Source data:
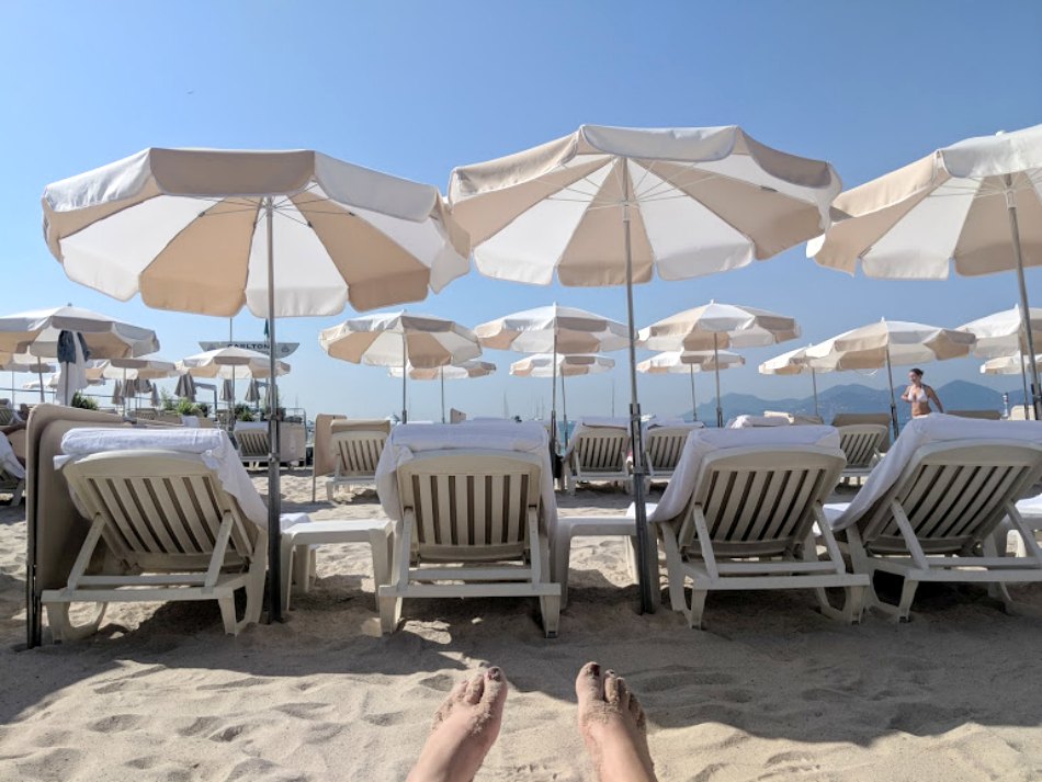 The following day was our one full day in Cannes, and so we decided to spend it on the beach, and then planned to see the rest of the city the next morning. This worked out great as after a busy and hectic few months, I was in desperate need of some chill out time. Hotel Martinez currently don’t have a beach club as theirs is being renovated, so they have a reciprocal agreement with The Carlton hotel that we took full advantage of! It was only 20 Euros each for a day bed, sunshade umbrella, and towel, and the beach reminded us of the beaches in Perth – beautiful soft sand and crystal-clear and calm waters to swim in. We spent the morning going from the sunbed, to the water, back to the sunbed, back to the water.
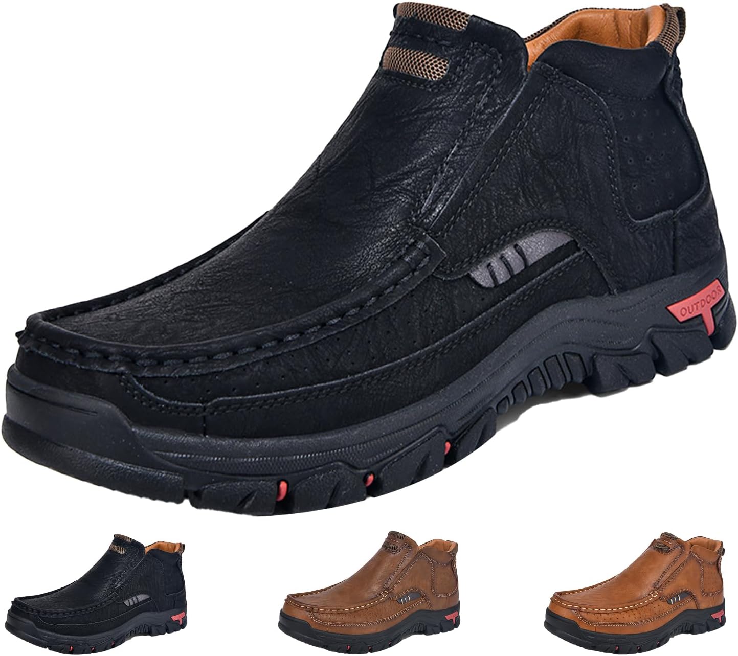 Men's Mid-top Outdoor Chukka Boots,Vintage Hand-Stitching Leather Arch Support Non-Slip Slip On Hiking Casual Shoes
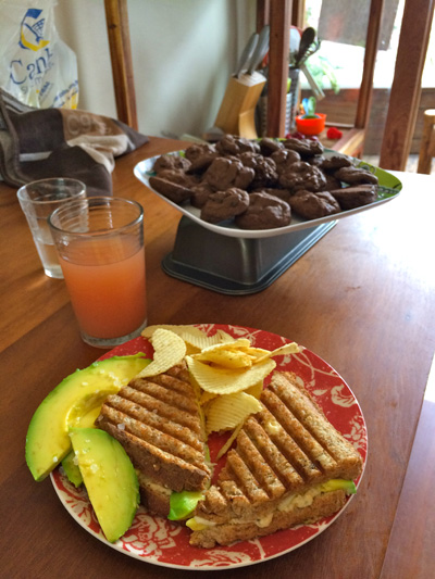 Avocado, red onion and cheese paninis with guava juice, and double chocolate chip cookies. BAM!
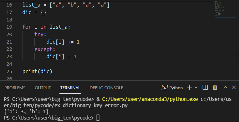 이때 처음에는 dictionary가 비어 있기 때문에 dictionary에 key가 존재하는지 if문으로 비교하여 count를 증가 시킨다.
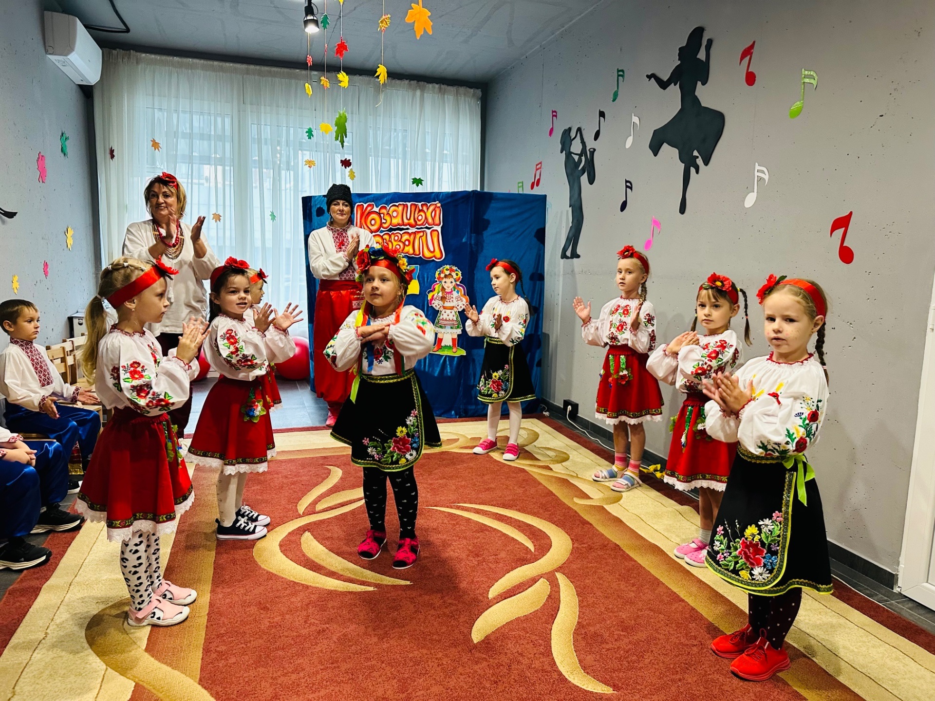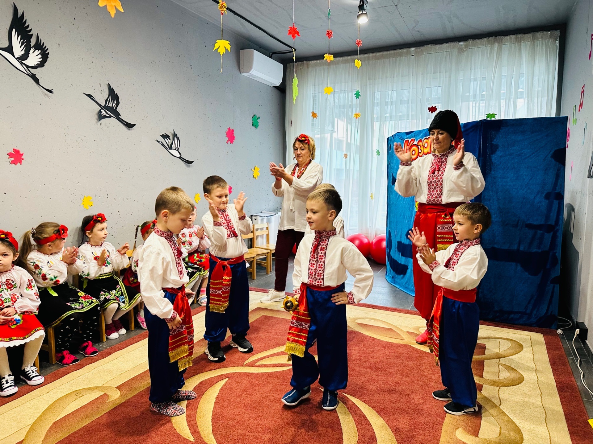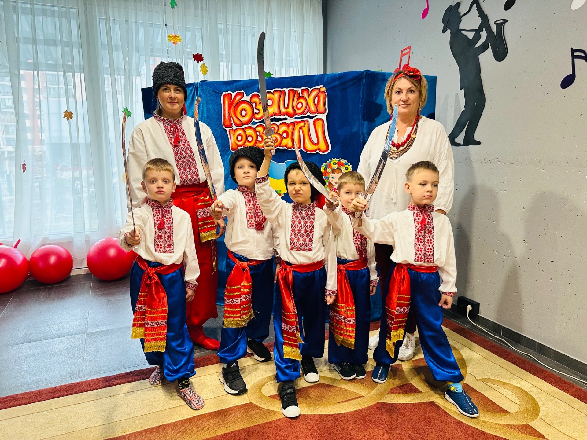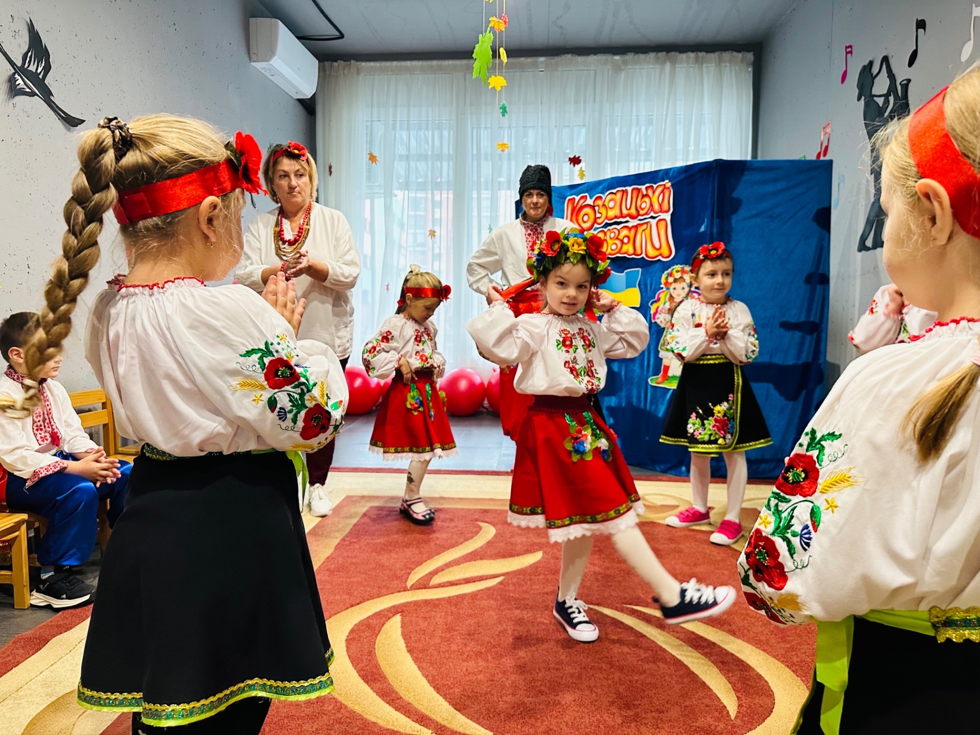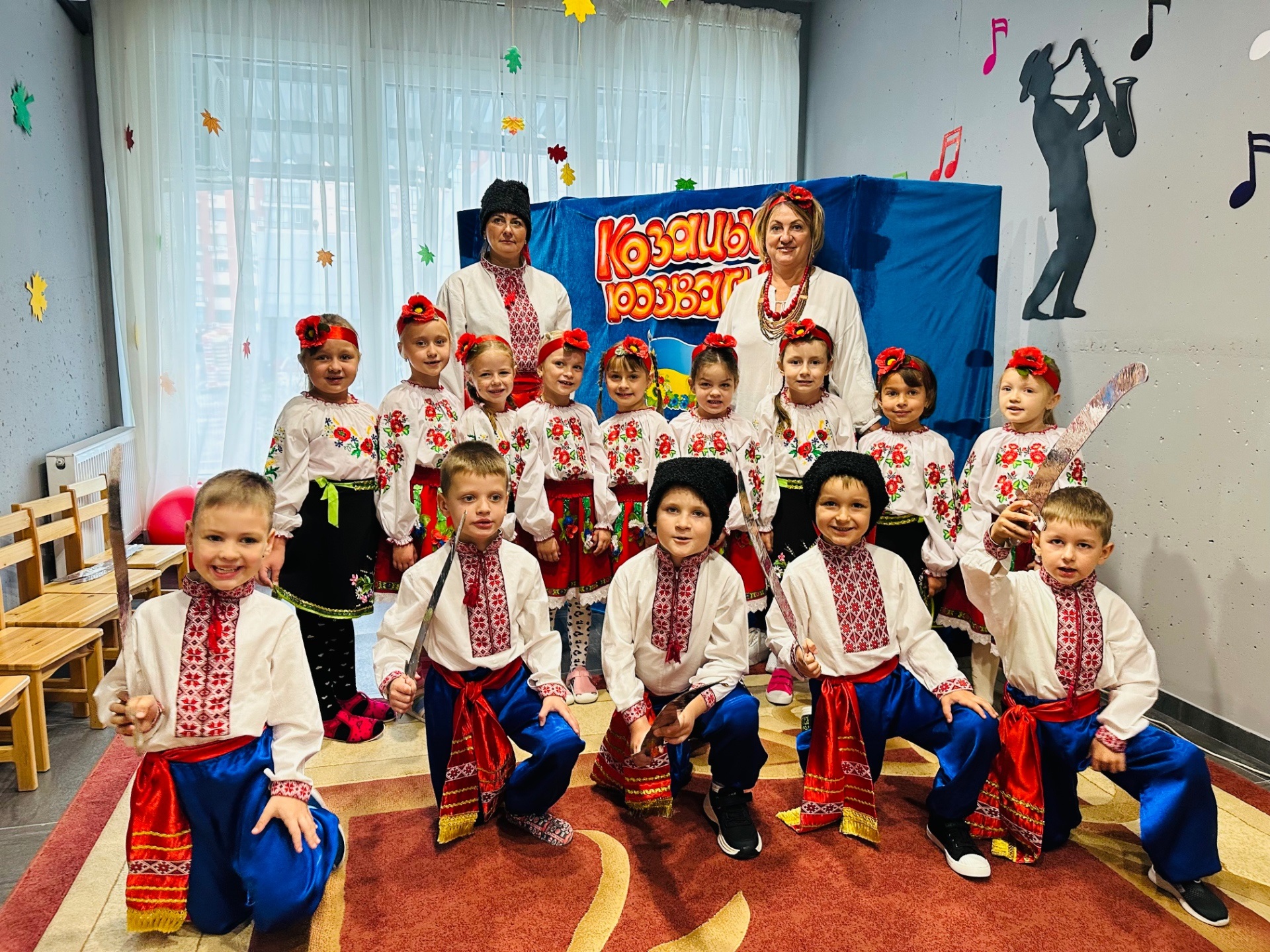 Дівчатка теж не залишилися осторонь – вони із задоволенням долучилися до рухливої гри «Чарівний віночок», у якій проявили кмітливість, витонченість і дружність. Завершальним акордом свята став музичний номер «Козачата». Діти співали й танцювали з особливим запалом, наповнюючи залу радістю та енергією.
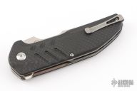 This Strife Linerlock Flipper (233/500) has a satin finished D2 tanto blade with swedge and notched thumbrest. Handle is carbon fiber over titanium liners. Black G10 and titanium backspacer, lanyard loop, and stainless steel tip up clip. Centered blade, flips great, and rock solid lockup. Comes with Brous box and CoA. Excellent condition.

* **REQUIRED ACTION**
Your task is to copy the entries in full and exactly, without any images.

* **OUTPUT OF THE EXERCISE**
 The following day was our one full day in Cannes, and so we decided to spend it on the beach, and then planned to see the rest of the city the next morning. This worked out great as after a busy and hectic few months, I was in desperate need of some chill out time. Hotel Martinez currently don’t have a beach club as theirs is being renovated, so they have a reciprocal agreement with The Carlton hotel that we took full advantage of! It was only 20 Euros each for a day bed, sunshade umbrella, and towel, and the beach reminded us of the beaches in Perth – beautiful soft sand and crystal-clear and calm waters to swim in. We spent the morning going from the sunbed, to the water, back to the sunbed, back to the water.
 Men's Mid-top Outdoor Chukka Boots,Vintage Hand-Stitching Leather Arch Support Non-Slip Slip On Hiking Casual Shoes
 Avocado, red onion and cheese paninis with guava juice, and double chocolate chip cookies. BAM!
 이때 처음에는 dictionary가 비어 있기 때문에 dictionary에 key가 존재하는지 if문으로 비교하여 count를 증가 시킨다.
 Дівчатка теж не залишилися осторонь – вони із задоволенням долучилися до рухливої гри «Чарівний віночок», у якій проявили кмітливість, витонченість і дружність. Завершальним акордом свята став музичний номер «Козачата». Діти співали й танцювали з особливим запалом, наповнюючи залу радістю та енергією.
 This Strife Linerlock Flipper (233/500) has a satin finished D2 tanto blade with swedge and notched thumbrest. Handle is carbon fiber over titanium liners. Black G10 and titanium backspacer, lanyard loop, and stainless steel tip up clip. Centered blade, flips great, and rock solid lockup. Comes with Brous box and CoA. Excellent condition.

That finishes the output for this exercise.